Easy Coconut + Lime Cake
Equipment
- 8-inch round springform pan
Ingredients
- ¾ cup unsalted butter, softened (plus extra for greasing)
- ¾ cup granulated sugar, heaping cup
- 3 large eggs, beaten
- 1 cup self-rising flour
- 1 cup unsweetened shredded coconut
- 1 lime, (zest and juice)
- ½ cup toasted unsweetened shredded coconut, (for decoration)
Lime Icing
- 1 ½ cup icing sugar
- 1 lime, (zest and juice)
Instructions
- Preheat your oven to 350 F/180 C.
- Grease a 8-inch springform pan with butter, or cooking spray. Cut out a parchment round to fit the bottom of the pan and place in the bottom of the pan.
- Cream together the sugar and butter in a medium bowl with either an electric mixer of by hand. Continue to cream together until the pale and fluffy (about 4 minutes with an electric mixer; longer by hand).

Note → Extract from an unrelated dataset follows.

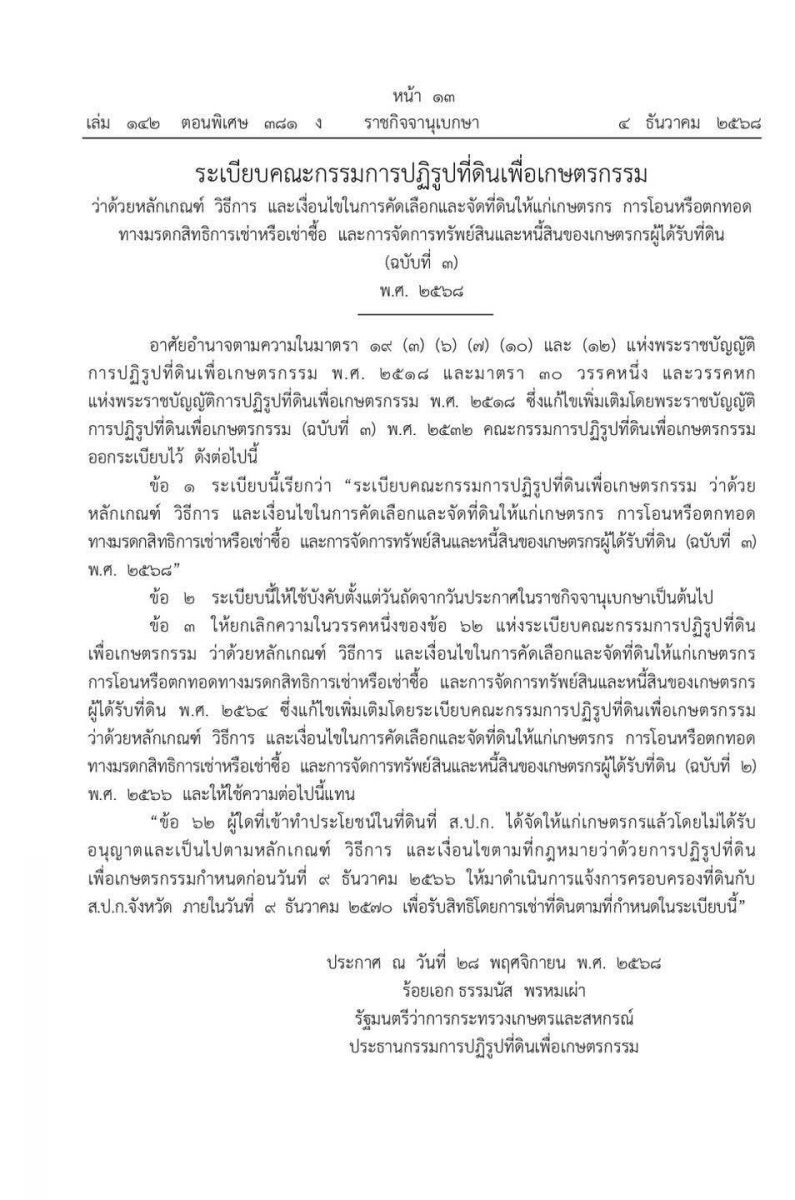 ปรส.ป.ก. ขยายเวลาการยื่นแจ้งครอบครองที่ดินสำหรับเกษตรกรที่ได้รับการจัดที่ดินจาก ส.ป.ก. ได้ขยายเวลาการยื่นแจ้งครอบครองที่ดิน เป็นภายในวันที่ 9 ธันวาคม 2570 ตามระเบียบคณะกรรมการปฏิรูปที่ดินเพื่อเกษตรกรรม (ฉบับที่ 3) พ.ศ. 2568 เมื่อพ้นกำหนดแล้วหากยังไม่ยื่นคำขอรับสิทธิตาม ข้อ 62 ส.ป.ก. จะต้องดำเนินการตามกฎหมาย เพื่อนำที่ดินกลับคืน และจัดให้เกษตรกรรายอื่น ต่อไป

- Gradually beat in the eggs until fully incorporated.
- Add the flour, and gently fold in to the batter, by hand.
- Lastly, fold in the coconut and the both the lime zest and juice.
- Pour your batter into the prepared pan, taking care to level the surface.
- Bake in the preheated oven for 1 hour, or until the cake has risen and is golden in colour. The cake should be firm to the touch.
- Let your cake cool in the pan for 5 minutes, and then remove it from the pan and leave to cool completely on a wire rack.
Lime Icing
- Toast the coconut by placing it in a dry pan over medium heat. It will only take a couple of minutes for the coconut to turn brown and fragrant.
- In a small bowl, combine the icing sugar and the lime zest and juice. You are looking for a thick, smooth icing. Add a couple of drops of water, if necessary.
- Spoon the icing over the top of the cake, letting it run down the sides.
- Sprinkle the toasted coconut over the icing and let it set.
Amanda says
This looks delicious! My family loves coconut cake so I’m excited to try this new twist.
Julianne Simpson says
Thanks Amanda! I hope your family enjoys the recipe.
Maureen says
Coconut and lime are flavors I love year round, to remind me of summer. Definitely going to try this!
Julianne Simpson says
Great idea, Maureen! We can all use a little bit of sunshine to brighten up our winter 🙂
Stacy Boswell says
This recipe looks really good! I love easy desserts, love coconut, and the lime icing sounds really good. Can’t wait to try!
Julianne Simpson says
Thanks, Stacy! The lime icing definitely kicks it up a notch 🙂 Hope you enjoy the recipe!
Mani says
Looks delicious! I love both coconut and lemon but never thought to put the two together – thanks for sharing!
Julianne Simpson says
Thanks, Mani! The cake has a nice citrusy flavour which I think goes really well with the coconut. I hope you like it!
Gina Abernathy says
This is a nice easy recipe for a cake. Looks delicious!